If you search on the ATS website for the species and route of administration you plan to use, you can look through the publication summaries and see the dose that was used for that particular study. That will give you a ballpark range in which to start your dose titration. Just keep in mind: if the control kills cells, the dose is too high.
Q: I ordered a control conjugate to use alongside my targeted conjugate, but the two products are at different concentrations. How much control conjugate should I use?
A: Conjugate products are often of differing protein concentrations, meaning dilution of one is usually necessary to ensure comparable amounts of control conjugate and targeted conjugate are used. This adjustment can be done on a molar basis or a protein concentration basis. The data sheet shipped with each Advanced Targeting System conjugate specifies the molecular weight of the product. There are various calculators available on the ATS website.
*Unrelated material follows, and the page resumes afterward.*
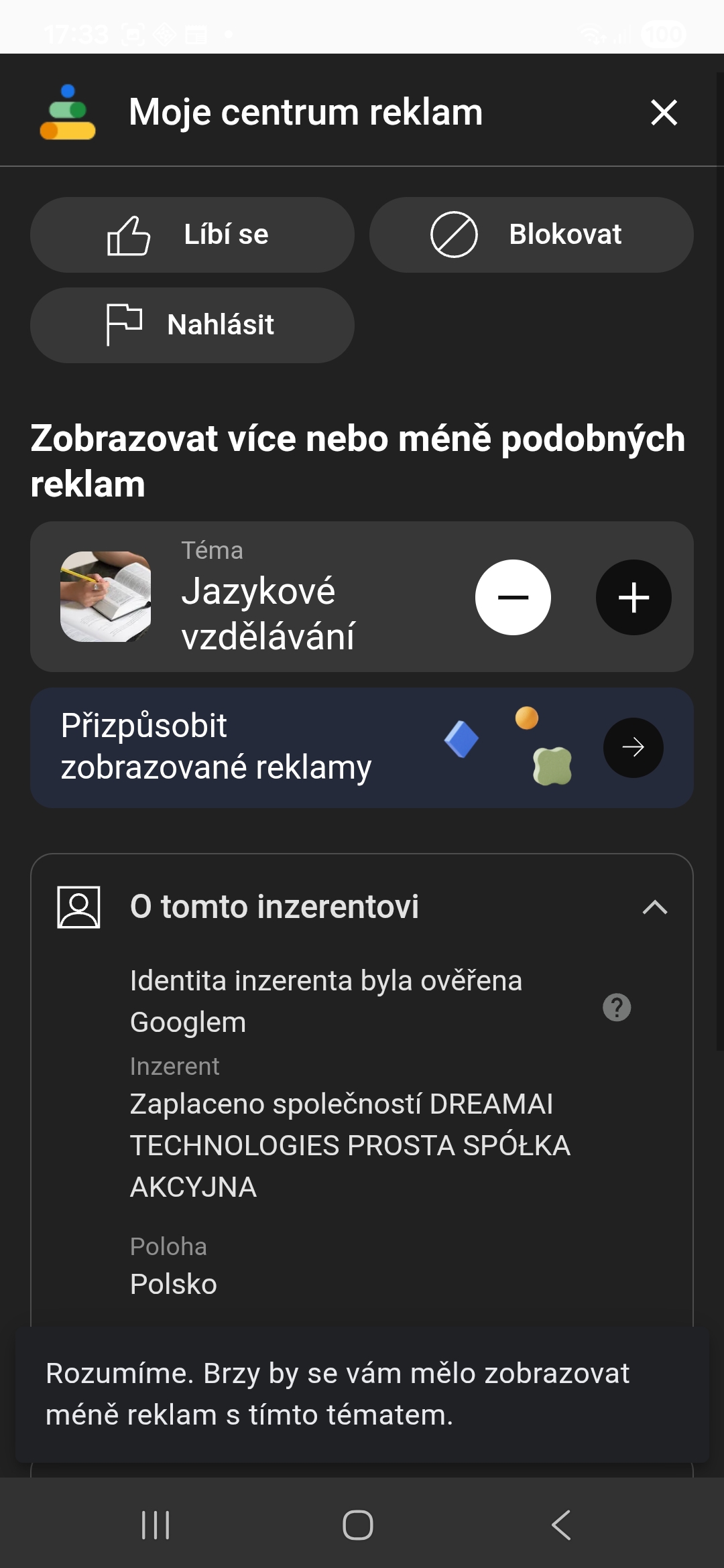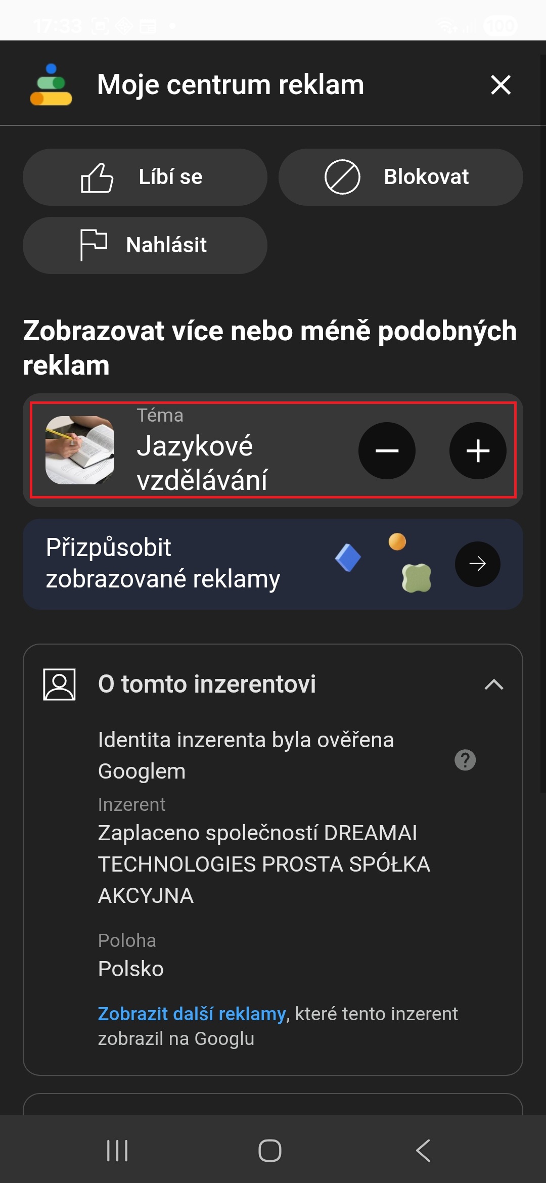 Pokud používáte YouTube bezplatně, můžete ovlivnit, jestli se určitý druh reklam bude zobrazovat méně, či více. Jednoduše u vybrané reklamy klepněte na ikonu tří teček a poté na ikonu minus, pokud chcete dostávat podobných reklam méně, nebo na ikonu plus, pokud jich chcete dostávat více.

By using these tools, calculations can be done that will ensure the same number of molecules of both control and targeted conjugate are used in your experiment. Alternatively, if the molecular weights of the two products are similar, calculations can be done to use the same amount of control protein as targeted conjugate protein in your experiment.
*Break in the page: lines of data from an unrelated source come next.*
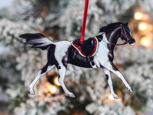 In addition to the black tobiano pattern, this ornament is available in a variety of other stunning designs, including bay, chestnut, gray, and both black and chestnut leopard Appaloosa patterns. This variety allows you to choose the perfect ornament that resonates with your personal style or the preferences of your gift recipient.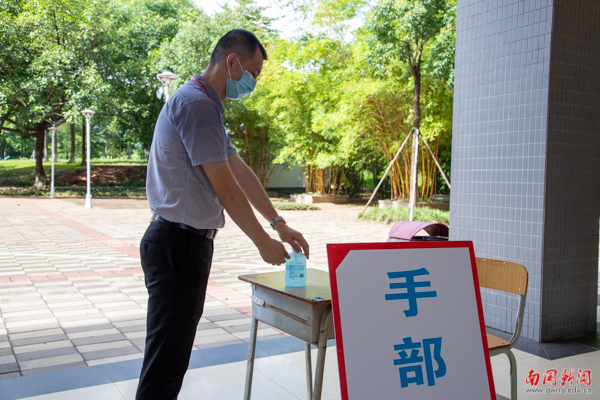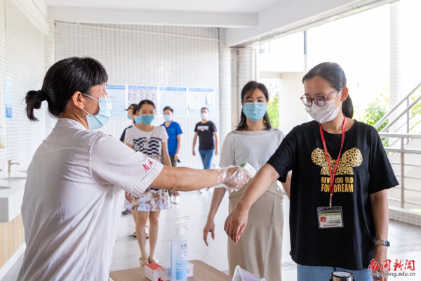 学生进入校园后,踩过消毒地垫,鞋底和行李箱轮子部位经过充分消毒。学生有序排队进入防疫检查通道,辅导员查验学生身份、检查穗康码并测量学生体温。学生领取防疫健康包并对手部进行消毒,健康包内装有一次性医用口罩、免洗洗手液和防疫健康小册子。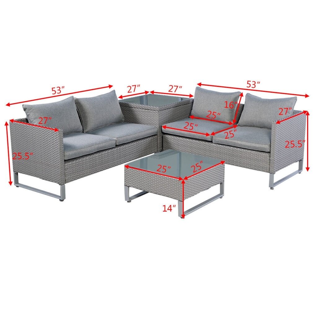 Installation & Size: With our manual it's easy to assemble. All hardware and tool are included in the box. Size of loveseat: 47.5" x 26" x 26"(L x W x H), Size of storage box: 26" x 26" x 26"(L x W x H), Size of coffee table: 22" x 22" x 13"(L x W x H)

Q: I have been using your ZAP Antibody Internalization Kit. It is working well for me, but I can only test one antibody at a time. Do you offer the ZAP kit in larger sizes?
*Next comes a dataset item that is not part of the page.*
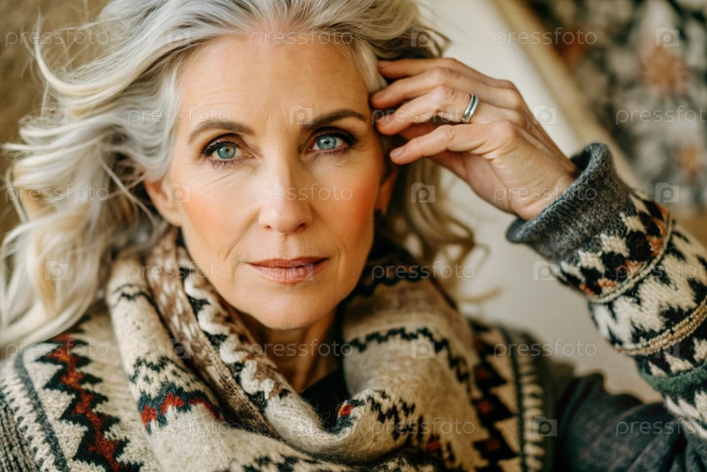 Осенний портрет красивой пожилой женщины, пенсионерки 70 лет. Она носит шарф с этническим узором и теплый свитер. Концепция жизни пожилых людей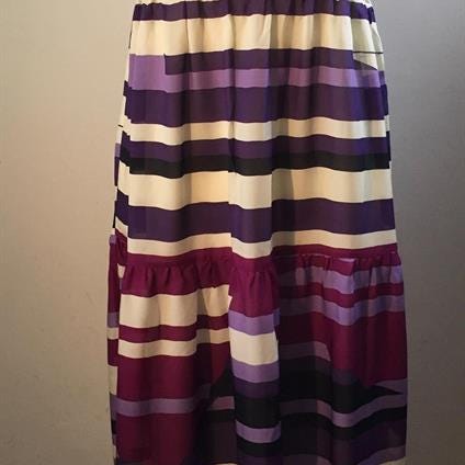 Farver: Rød, hvid og sart lyserød. 100% silke. Med bælte og flot detalje på forstykket. Brugt én gang. Fra røgfrit og dyrefrit hjem.

A: We do offer kits with sufficient components to test multiple antibody candidates. We offer “Z4” and “Z10” sizes of kits that include all of the same consumable components of the original ZAP kit in quantities sufficient to test 4 or 10 antibodies, respectively. While the included recommended protocol is identical to the original ZAP kit, the added materials provide an opportunity for the experienced researcher to streamline their experiment by testing multiple antibody candidates at one time.
Q: I ordered the Streptavidin-ZAP (Cat. #IT-27) and had my antibody biotinylated a couple of months ago. I am ready to begin the first round of experiments to determine the concentration needed for the secondary. How much of the biotinylated antibody should I put to combine with the streptavidin for intravitreal injections? Can you please send me a protocol for how to determine the ratio of primary to secondary?
A: Streptavidin-ZAP should be mixed with the biotinylated material at an equimolar concentration. The Streptavidin-ZAP you ordered should have included a data sheet which gives the protein concentration and molecular weight, which you would use to determine the molar concentration. We have a calculator page on our website which can help with this if needed.
Listed below is a publication using Streptavidin-ZAP combined with a biotinylated antibody being used in intravitreal injections. The reference describes in detail the quantities they tried. You can also browse references on our site to see how scientists use ATS products to accomplish their research goals and publish in respected journals.
Q: How long does it take to see the cell death occurring from the use of targeted toxins using saporin? Is there a time course of hours or days?
A: The figure below illustrates the time course of cell death very effectively. Internalization and cytotoxicity of SP-SAP in primary cultures of neonatal spinal cord neurons. Confocal image of neurons where the Substance P receptor; NK1R (SPR) immunofluorescence (A, C, D) appears red, areas of concentrated SPR immunofluorescence appear yellow. (A, C, and D) SPR immunofluorescence in neurons 2 hours, 1 day, and 4 days, respectively, after treatment with SP-SAP. (B) Confocal image showing SAP immunofluorescence (yellow) 2 hours after SP-SAP treatment.
These images were projected from 14 optical sections acquired at 0.8-mm intervals with a 603 lens. Bar, 25 mm.
It is recommended that you wait for two weeks to allow for all debris to be cleared and the animal to regain normal eating and sleeping habits.